## WORK INSTRUCTIONS
Reproduce the opening lines of the listing below exactly, stopping after the line that contains "Para realizar las" and leaving out any pictures.

## DATASET EXTRACT
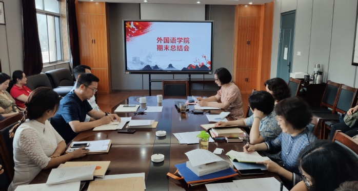 7月6日下午,外国语学院在古平岗校区二楼会议室召开了期末总结会议,会议由学院院长杨远主持,全体教职工参加了会议。
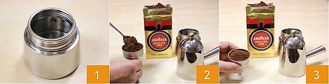 Para realizar las trufas de café y cardamomo, comenzad preparando el café con la cafetera: llenad la caldera de vuestra cafetera con agua fría y, si es posible, con poca cal, teniendo cuidado de no sobrepasar la válvula de seguridad 1 (de lo contrario obtendréis un café más largo). Llenad el filtro con el café molido formando una montañita que nivelaréis golpeando el filtro sobre la mesa con movimientos firmes (2-3). No presionéis con la cucharilla, ni hagáis agujeros en la superficie.
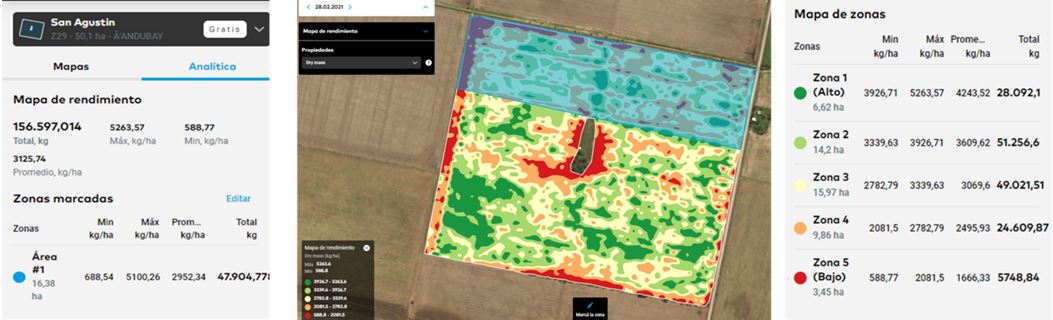 Es por esto que el principal beneficio de esta funcionalidad es el ahorro de tiempo ¿De qué manera? Gracias a la estandarización del procesamiento, se obtiene un mapa robusto sin necesidad de usar plataformas GIS – SMS. No solo eso sino que además, la plataforma entrega datos de rendimiento y superficie de cada zona para su análisis, permite la selección manual de zonas para hacer un análisis más profundo (siendo esto muy útil para las mediciones de ensayos en franjas apareadas o de anomalías en zonas especifica), permite comparar los mapas de cosecha con mapas de potenciales y otras capas de información; y por último, la información puede ser utilizada para prescripciones variables de siembra o nutrición y ambientaciones a futuro.
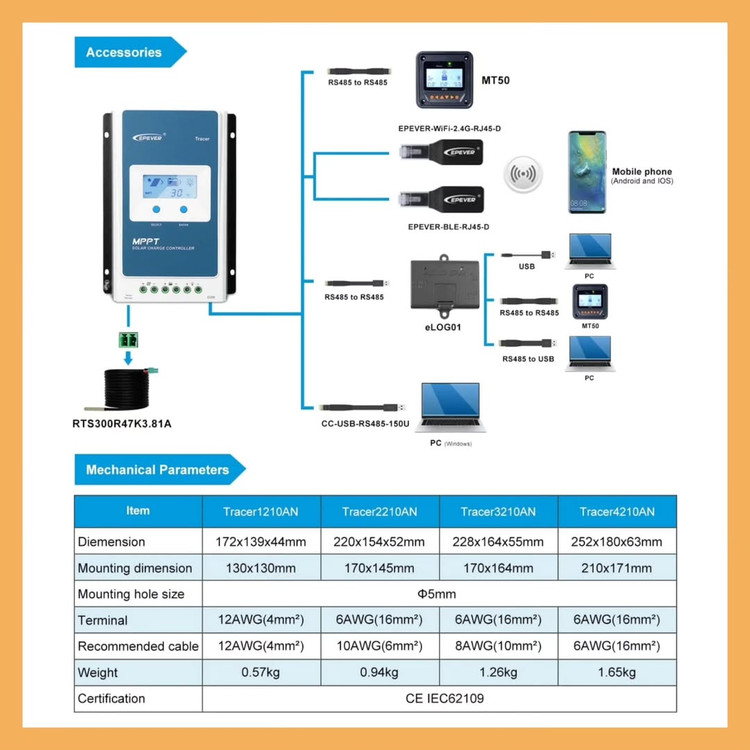 🔋 کنترلر شارژ خورشیدی MPPT ایپیاور EPEVER Tracer 4210AN

## WRITTEN ANSWER
 7月6日下午,外国语学院在古平岗校区二楼会议室召开了期末总结会议,会议由学院院长杨远主持,全体教职工参加了会议。
 Para realizar las trufas de café y cardamomo, comenzad preparando el café con la cafetera: llenad la caldera de vuestra cafetera con agua fría y, si es posible, con poca cal, teniendo cuidado de no sobrepasar la válvula de seguridad 1 (de lo contrario obtendréis un café más largo). Llenad el filtro con el café molido formando una montañita que nivelaréis golpeando el filtro sobre la mesa con movimientos firmes (2-3). No presionéis con la cucharilla, ni hagáis agujeros en la superficie.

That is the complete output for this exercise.